There are other slick methods built in to DataFrames. For example, we can quickly compute the Pearson correlation between all pairs of data with the corr() method of the DataFrame.

In [11]:
df.corr()
Out[11]:
trial number impact force (mN) impact time (ms) impact force / body weight adhesive force (mN) time frog pulls on target (ms) adhesive force / body weight adhesive impulse (N-s) total contact area (mm2) contact area without mucus (mm2) contact area with mucus / contact area without mucus contact pressure (Pa) adhesive strength (Pa)
trial number 1.000000 0.081059 -0.012223 -0.165235 -0.144249 -0.300896 -0.000758 -0.152892 -0.070046 0.338473 -0.487218 0.105460 -0.228193
impact force (mN) 0.081059 1.000000 0.065284 0.233450 -0.581344 -0.121341 -0.282177 -0.328656 0.436910 0.447339 -0.163551 0.436010 -0.087942
impact time (ms) -0.012223 0.065284 1.000000 0.060478 0.166485 -0.224467 -0.276984 0.184928 -0.151079 -0.054654 -0.001410 0.088254 -0.010054
impact force / body weight -0.165235 0.233450 0.060478 1.000000 0.313570 0.055374 0.327074 0.303916 -0.291663 -0.190505 -0.084925 0.397020 0.089783
adhesive force (mN) -0.144249 -0.581344 0.166485 0.313570 1.000000 0.172685 -0.017410 0.518693 -0.517483 -0.488566 0.194437 -0.098643 0.336116
time frog pulls on target (ms) -0.300896 -0.121341 -0.224467 0.055374 0.172685 1.000000 0.006804 -0.369147 0.282509 -0.262914 0.620117 -0.353474 0.434311
adhesive force / body weight -0.000758 -0.282177 -0.276984 0.327074 -0.017410 0.006804 1.000000 0.200359 -0.316363 -0.237184 -0.146312 -0.097282 -0.154410
adhesive impulse (N-s) -0.152892 -0.328656 0.184928 0.303916 0.518693 -0.369147 0.200359 1.000000 -0.684423 -0.434937 -0.058184 0.224038 -0.187740
total contact area (mm2) -0.070046 0.436910 -0.151079 -0.291663 -0.517483 0.282509 -0.316363 -0.684423 1.000000 0.383562 0.310887 -0.390094 0.417100
contact area without mucus (mm2) 0.338473 0.447339 -0.054654 -0.190505 -0.488566 -0.262914 -0.237184 -0.434937 0.383562 1.000000 -0.394482 0.026032 0.007942
contact area with mucus / contact area without mucus -0.487218 -0.163551 -0.001410 -0.084925 0.194437 0.620117 -0.146312 -0.058184 0.310887 -0.394482 1.000000 -0.454396 0.506204
contact pressure (Pa) 0.105460 0.436010 0.088254 0.397020 -0.098643 -0.353474 -0.097282 0.224038 -0.390094 0.026032 -0.454396 1.000000 -0.600649
adhesive strength (Pa) -0.228193 -0.087942 -0.010054 0.089783 0.336116 0.434311 -0.154410 -0.187740 0.417100 0.007942 0.506204 -0.600649 1.000000

Shortcut names

It is getting kind of cumbersome indexing with the long column headings.
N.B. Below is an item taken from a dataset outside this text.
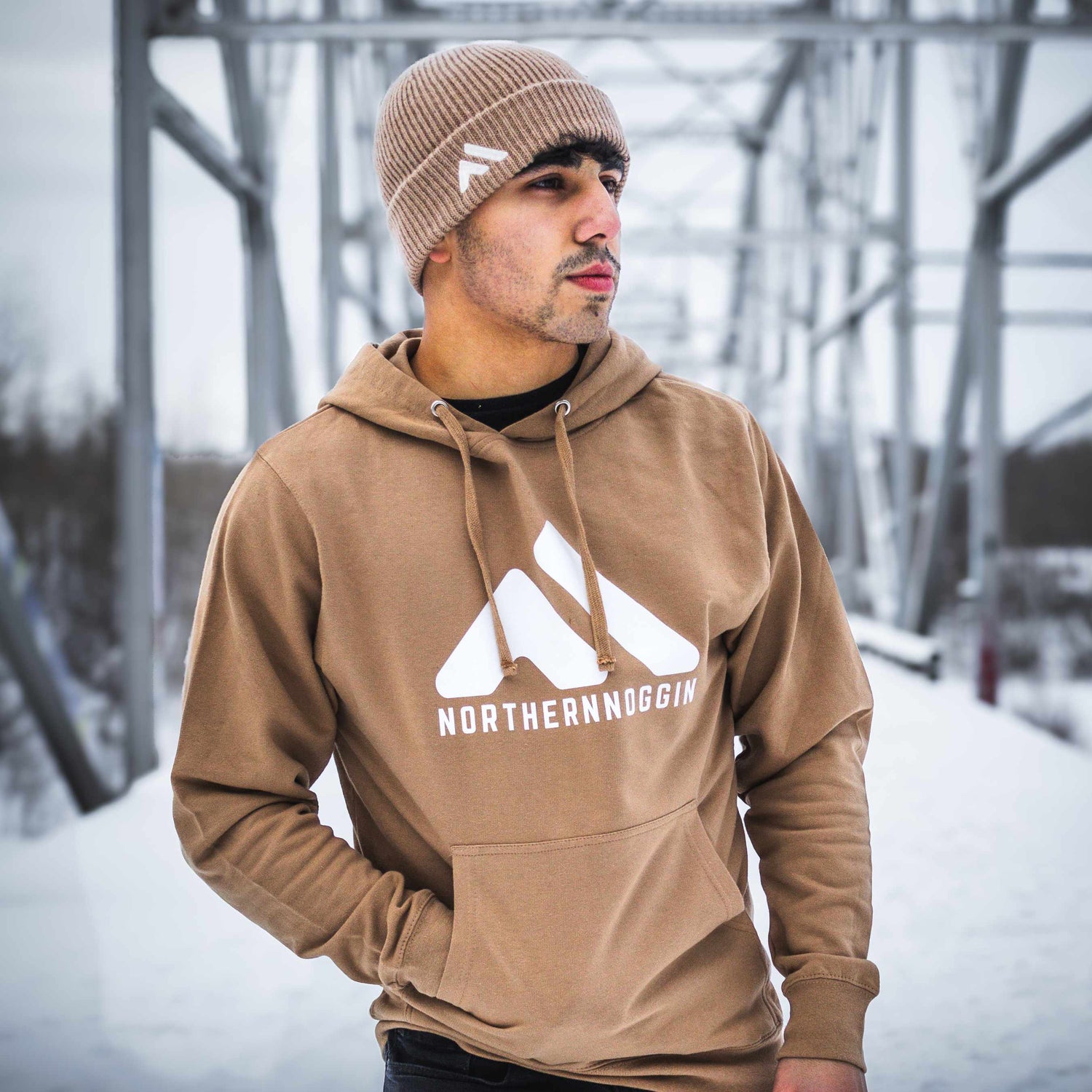 Designed for those who love the finer things, this tan mid-weight pullover hoodie boasts a tailored fit that complements any body type. The versatility of this hoodie's blend ensures durability and resilience. This hoodie's design has a comfortable hood and a front kangaroo pocket. The jersey lined hood is designed and made to bring comfort to your noggin, and the large front pouch pocket is perfect for keeping your hands warm or stashing your belongings on the go. Whether you are going outside or relaxing indoors you will never want to take this hoodie off because of how soft the inside material is. Grab your Northern Noggin hoodie today!

The headings are nonetheless useful, since they are descriptive and we never have problems losing track of units. But, let's say we wanted change impact force (mN) to impf for easier indexing. We can use the rename() method of DataFrames. We just pass in a dictionary of columns we want to rename.

In [12]:
# Rename the impact force column
df = df.rename(columns={'impact force (mN)': 'impf'})

We will explore the power of Pandas more in the next lesson, when we practice with DataFrames.